6.6. Présentation des personnes interviewées

La partie la plus importante de ce mémoire est constituée par les entretiens que vous pourrez retrouver entièrement retranscrits aux pages 118 à 223.

Les récit, si généreusement et spontanément offerts, sont tous riches et bouleversants. Des antagonismes et des similitudes étonnants sont révélés, des philosophies de vie sont abordées, des douleurs ravivées, toute la force de l’humain tant lumineuse qu’abjecte y est dévoilée.

Roman de vies intimes, roman de la vie extraordinaire dans sa banale sordidité.

Les personnes entretenues pour l’élaboration de mon mémoire, dont quatre femmes et un homme viennent d’horizons, de niveaux sociaux, d’univers professionnels différents. Elles ont toutes vécu des situations d’ostracisme et de brimade pendant leur enfance, durant leur parcours scolaire.

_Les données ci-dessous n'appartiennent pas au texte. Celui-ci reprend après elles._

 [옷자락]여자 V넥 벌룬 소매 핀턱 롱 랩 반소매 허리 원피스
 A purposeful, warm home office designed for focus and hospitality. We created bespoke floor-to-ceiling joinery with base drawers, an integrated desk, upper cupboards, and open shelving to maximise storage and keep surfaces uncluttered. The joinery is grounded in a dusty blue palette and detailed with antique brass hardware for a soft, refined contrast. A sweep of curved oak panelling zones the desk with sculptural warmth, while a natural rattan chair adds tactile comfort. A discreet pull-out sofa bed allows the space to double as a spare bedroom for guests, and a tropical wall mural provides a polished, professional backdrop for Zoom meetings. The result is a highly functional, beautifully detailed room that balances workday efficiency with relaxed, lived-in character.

Il m’est paru opportun de vous offrir une succincte présentation de qui ils sont, de leurs parcours de vie. Leur donner forme pour qu’ils ne soient pas de simples prénoms aux yeux des lecteurs. Afin qu’ils ne soient, au grand jamais, réduits à de tristes étiquettes de victimes émissaires. Faire ressurgir l’humain tout en respectant l’anonymat et l’intimité pour que puissent se dessiner devant vos yeux des personnes à part entière, riches et composées de multiples dimensions. L’être dans toute sa magnifique complexité intrinsèque. Voici les portraits des personnes interviewées.

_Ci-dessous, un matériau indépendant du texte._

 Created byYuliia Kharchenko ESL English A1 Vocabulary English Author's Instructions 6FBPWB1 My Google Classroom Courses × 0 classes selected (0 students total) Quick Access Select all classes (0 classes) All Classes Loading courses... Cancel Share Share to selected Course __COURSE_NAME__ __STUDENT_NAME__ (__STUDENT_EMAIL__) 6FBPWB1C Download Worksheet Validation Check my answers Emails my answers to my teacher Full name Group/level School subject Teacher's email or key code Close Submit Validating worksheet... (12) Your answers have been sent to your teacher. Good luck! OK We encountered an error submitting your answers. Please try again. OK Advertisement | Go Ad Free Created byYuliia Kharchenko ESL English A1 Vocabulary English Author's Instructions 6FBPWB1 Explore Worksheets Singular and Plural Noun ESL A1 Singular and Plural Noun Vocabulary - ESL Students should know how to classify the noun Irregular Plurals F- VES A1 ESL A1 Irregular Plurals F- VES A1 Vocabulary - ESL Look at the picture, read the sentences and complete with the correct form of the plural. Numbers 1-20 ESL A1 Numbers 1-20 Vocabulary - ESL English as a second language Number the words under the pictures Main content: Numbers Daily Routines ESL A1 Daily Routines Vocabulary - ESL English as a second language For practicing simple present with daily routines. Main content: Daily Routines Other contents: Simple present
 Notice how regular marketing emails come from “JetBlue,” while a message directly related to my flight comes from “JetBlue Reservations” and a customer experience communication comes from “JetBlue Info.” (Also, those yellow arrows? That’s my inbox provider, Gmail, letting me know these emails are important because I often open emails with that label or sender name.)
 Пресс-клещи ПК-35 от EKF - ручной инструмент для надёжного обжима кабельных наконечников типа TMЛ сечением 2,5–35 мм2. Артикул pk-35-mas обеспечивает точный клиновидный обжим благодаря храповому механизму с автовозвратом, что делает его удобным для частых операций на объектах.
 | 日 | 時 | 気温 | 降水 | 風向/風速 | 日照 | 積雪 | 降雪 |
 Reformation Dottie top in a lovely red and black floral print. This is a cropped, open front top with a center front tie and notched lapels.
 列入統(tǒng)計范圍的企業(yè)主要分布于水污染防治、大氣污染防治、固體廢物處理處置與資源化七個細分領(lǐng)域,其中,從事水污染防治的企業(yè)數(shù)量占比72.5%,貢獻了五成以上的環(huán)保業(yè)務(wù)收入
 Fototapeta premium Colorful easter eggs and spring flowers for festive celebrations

6.6.1. Succincte présentation d’Alice

Alice est une jeune femme enceinte âgée de vingt-neuf ans. Ses parents sont d’origine italienne. Sa mère, née en Suisse, travaille comme secrétaire médicale. Son père, chauffeur de taxis, est arrivé à Genève pendant son adolescence. Elle a un frère de deux ans son aîné, avec qui elle entretient des rapports complices. Toute sa famille est très unie. Durant son enfance, son environnement familial sain lui a permis de s’épanouir en toute quiétude sous le regard bienveillant de ses parents. La famille a toutefois connu des moments difficiles lorsque le père s’est retrouvé au chômage suite à la faillite de son magasin. De plus, le père d’Alice avait de la peine à comprendre que sa fille puisse rencontrer des difficultés dans les apprentissages scolaires.

Petite fille rêveuse et timide, elle adorait, des heures durant, jouer avec ses

« Barbies » et ses « Popol’s » dans un monde paradisiaque fabriqué selon son idéal d’enfant. Sa scolarité s’est déroulée dans la campagne genevoise au sein d’une école publique accueillant des enfants issus de familles aisées ainsi que de la classe moyenne. Les enfants de nationalités étrangères y faisaient encore figure d’exceptions. Elle s’est vue contrainte de doubler sa deuxième primaire. Tout le reste de sa scolarité s’est déroulé sans grand éclat. Elle ne se sentait pas vibrer de la fibre estudiantine et avait de la peine à se conformer au système et aux exigences d’excellence de l’école. Après le cycle d’orientation, elle a suivi deux ans d’études à l’Ecole de Culture Générale et y mit un terme avant la troisième année, n’ayant plus le courage de continuer dans cette voie qui ne lui correspondait guère. Elle se lança dans des études de médecine parallèle et devint après plusieurs années masseuse professionnelle. Pendant la même période, afin de financer son école privée, elle exerça divers petits emplois. Elle fut, tour à tour, « Mary Poppins » en s’occupant de deux petites filles à leur domicile, emballeuse d’objets de vente par correspondance, vendeuse dans un magasin diététique. Depuis plusieurs années, elle exerce en tant qu’aide soignante non qualifiée dans une maison de retraite et s’apprête dans un proche avenir à suivre une formation qui lui donnera le titre d’assistante en soins communautaires.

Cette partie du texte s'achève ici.